Tapping the personal saving is one of the many alternatives one you have to fund your business. You may fund it depending on the resources available to you. So here are a few points which come in handy when you use personal savings as a source of your funding

1. Keep $5,000 in the bank
A good thumb rule for you would be to have at least $5,000 in the bank at all times. This is not only good for you but also for your business. This is because no matter how great your business concept is, there's a decent chance that you'll need a sudden infusion of cash at some point in the first 24 months of opening your doors. Reasons could be many ranging from dealing with a problem, such as unexpected bills or legal work, or to fund an opportunity, such as a new client who won't pay you up-front.

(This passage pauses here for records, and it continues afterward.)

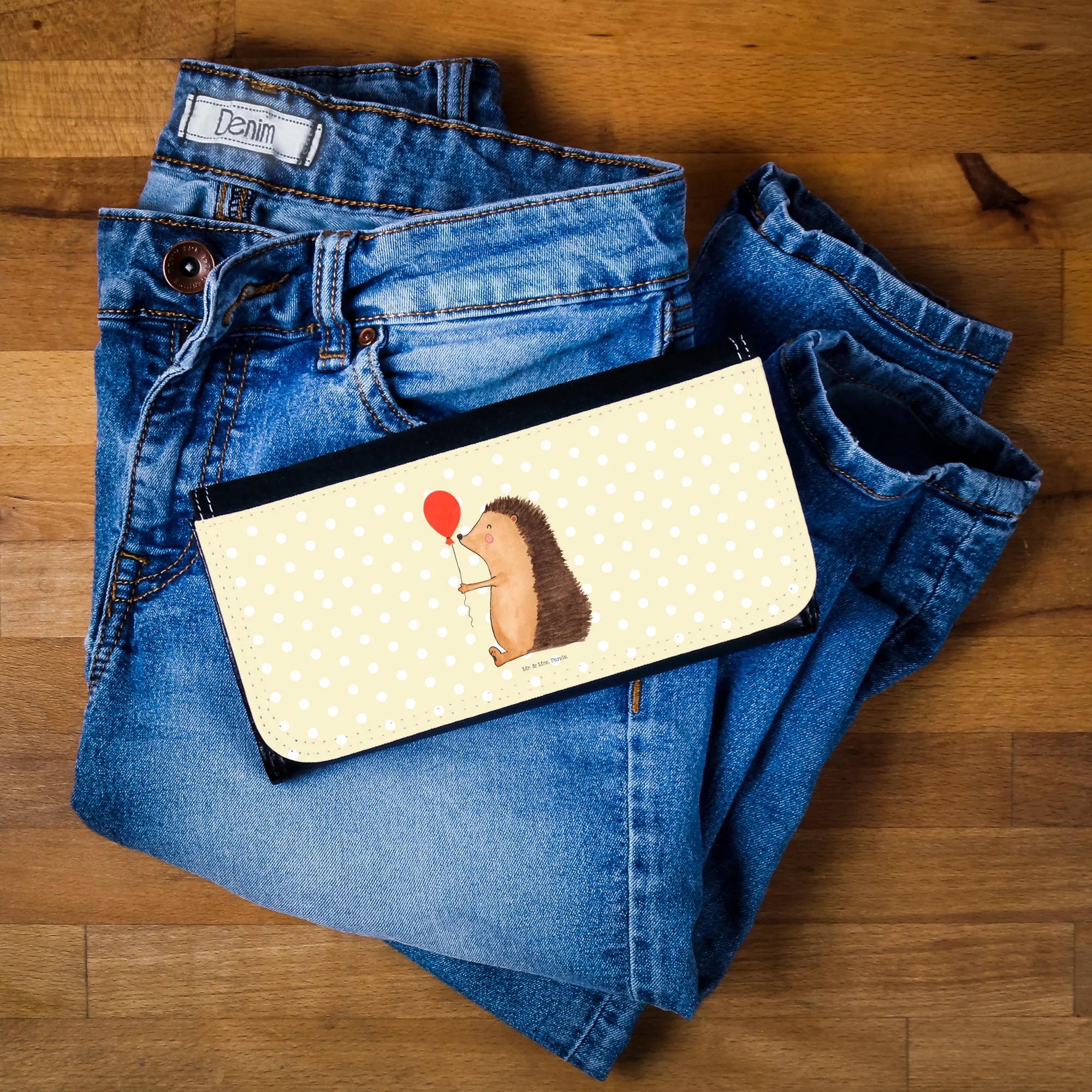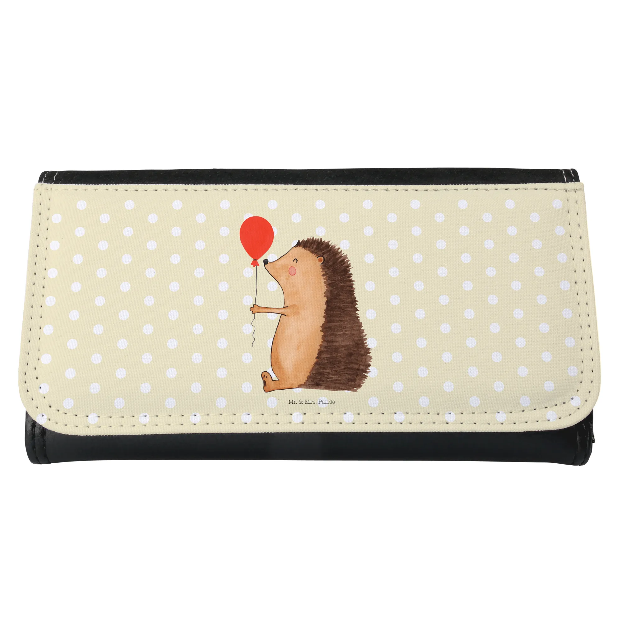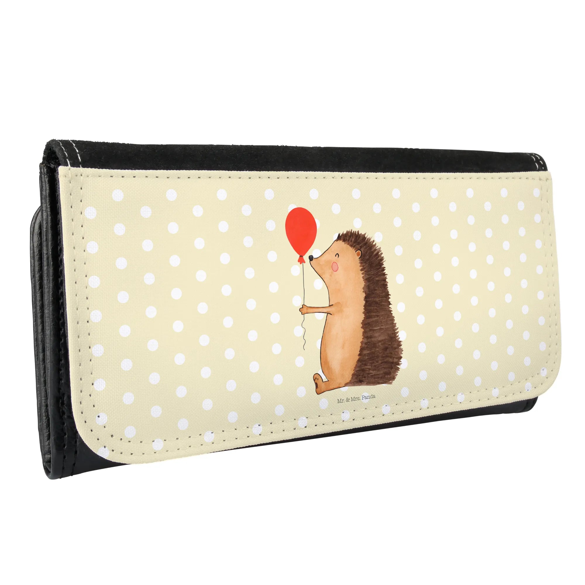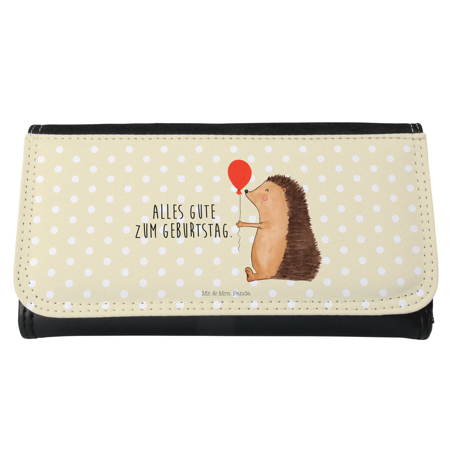 Portfel damski jeż balon - z napisem - Żółty Pastel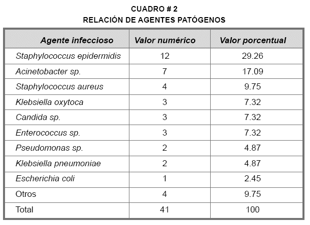 No se observó diferencia relevante en los hemocultivos de los pacientes cuyo resultado fue positivo y cuyos microorganismos aislados se detallan en el Cuadro # 2.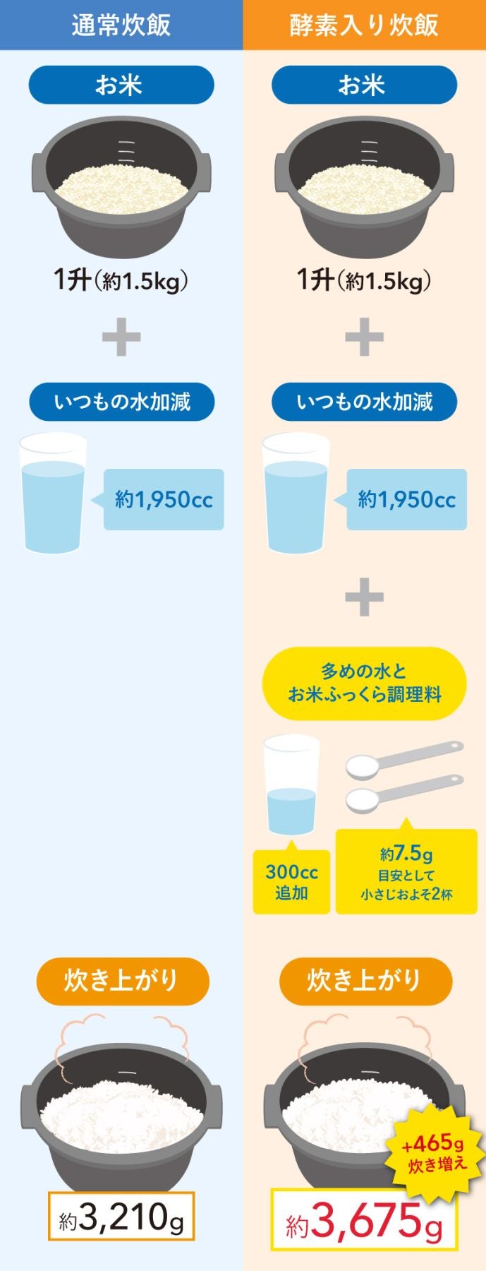 「お米ふっくら調理料」はごはんが「炊き増え」する酵素製剤です。水加減を通常より約20%増やして炊飯しますがおいしさそのまま、酵素の作用でふっくら炊きあがります。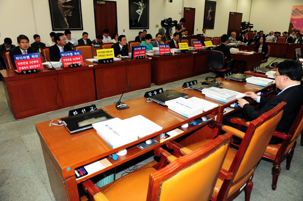 ▲ 22일 오전 국회에서 열린 문화체육관광방송통신위원회 전체회의에서 민주당 의원들의 자리에 8월 임시국회에서의 미디어렙 법안 처리를 촉구하는 손팻말이 붙어 있다. (뉴시스) |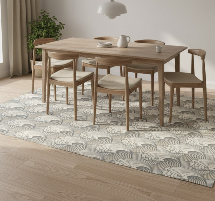 Der Vinyl Teppich Esszimmer Vintage Wellen ist die perfekte Ergänzung für Ihr Zuhause, wenn Sie eine stilvolle und zugleich funktionale Lösung suchen. Sein elegantes Design fügt sich harmonisch in jede Einrichtung ein und verleiht Ihrem Esszimmer einen Hauch von Vintage-Charme. Durch die Kombination aus Ästhetik und Praktikabilität wird dieser Teppich zum Blickfang in Ihrem Raum. Er schafft eine einladende Atmosphäre, die Gäste und Familie gleichermaßen begeistert!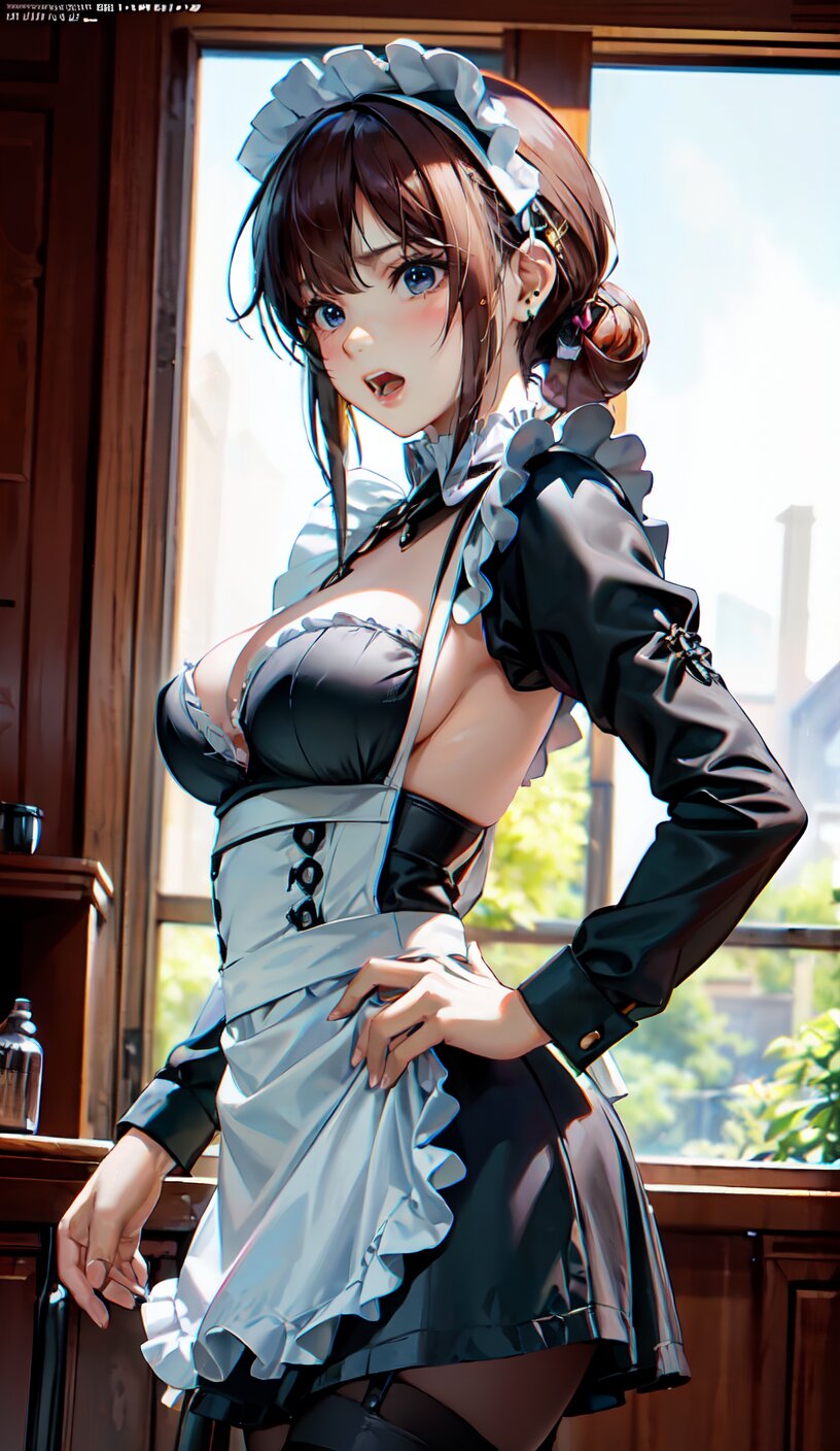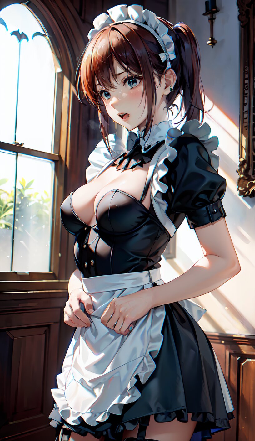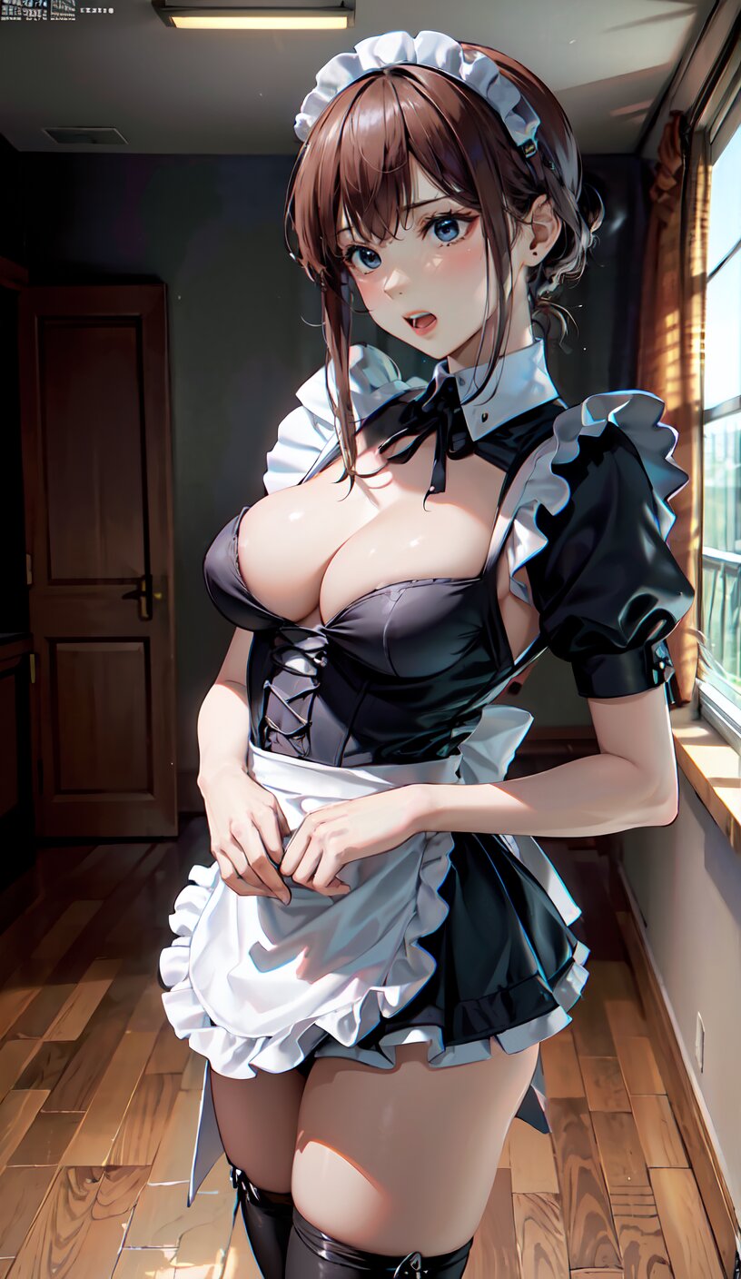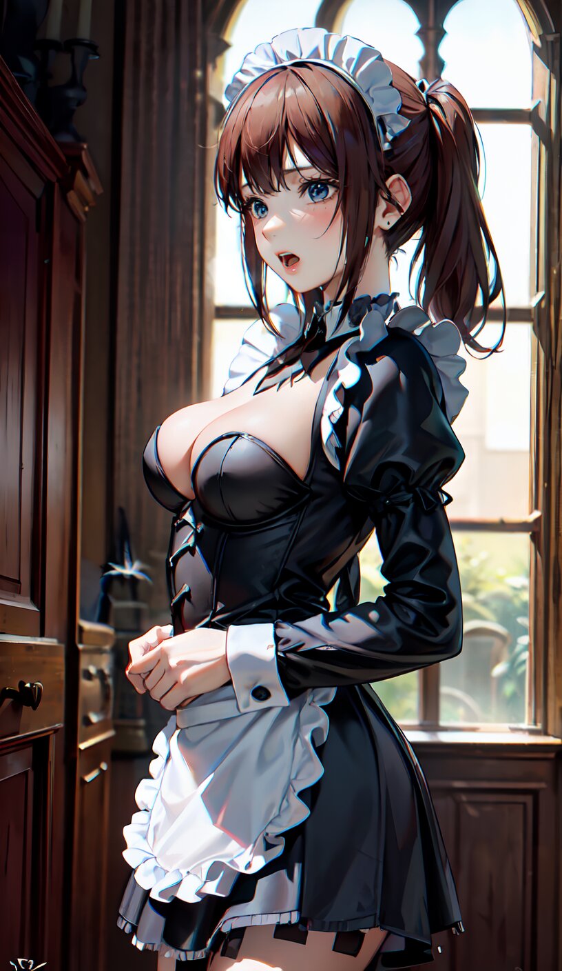 (from front: 1.6), (8k, best quality, masterpiece:1), (realistic, photo-realistic:1.4), HDR, (incredibly absurdres:1.2), 1girl, 20 years old, perfect anatomy, slender, (medium breasts: 1.4), beautiful detailed face, (cowboy shot: 1.6), perfect skin, detailed skin texture, looking aside, (Gothic Maid: 1.6), (standing and posing: 1.6), in the photo studio, <lora:mihi_v01:0.6>

2. You could borrow from your 401k in a limited manner.
Borrowing from your retirement savings is not such a bad idea. Most plans allow you to borrow up to $50,000, or 50 percent of the value of the account, whichever is less. This is penalty-free, unless of course you don't pay the money back. You will need to pay back interest to your own 401k account at a competitive rate set by your plan administrator so you can replenish the loan without losing the capital gain. Also this kind of borrowing isn't at all uncommon and may be a smart solution in your case. These 401k loans are documented carefully, so this is the type of entrepreneur-to-business loan that usually gets repaid by the business, rather than typical entrepreneur-to-business loans that often get forgotten or forgiven

3. Use low interest credit cards and manage them
You should be able to use a credit card effectively. As long as you can avoid building up a balance on your card and paying exorbitant interest rates, there's nothing wrong with relying on credit cards to finance your business expenses.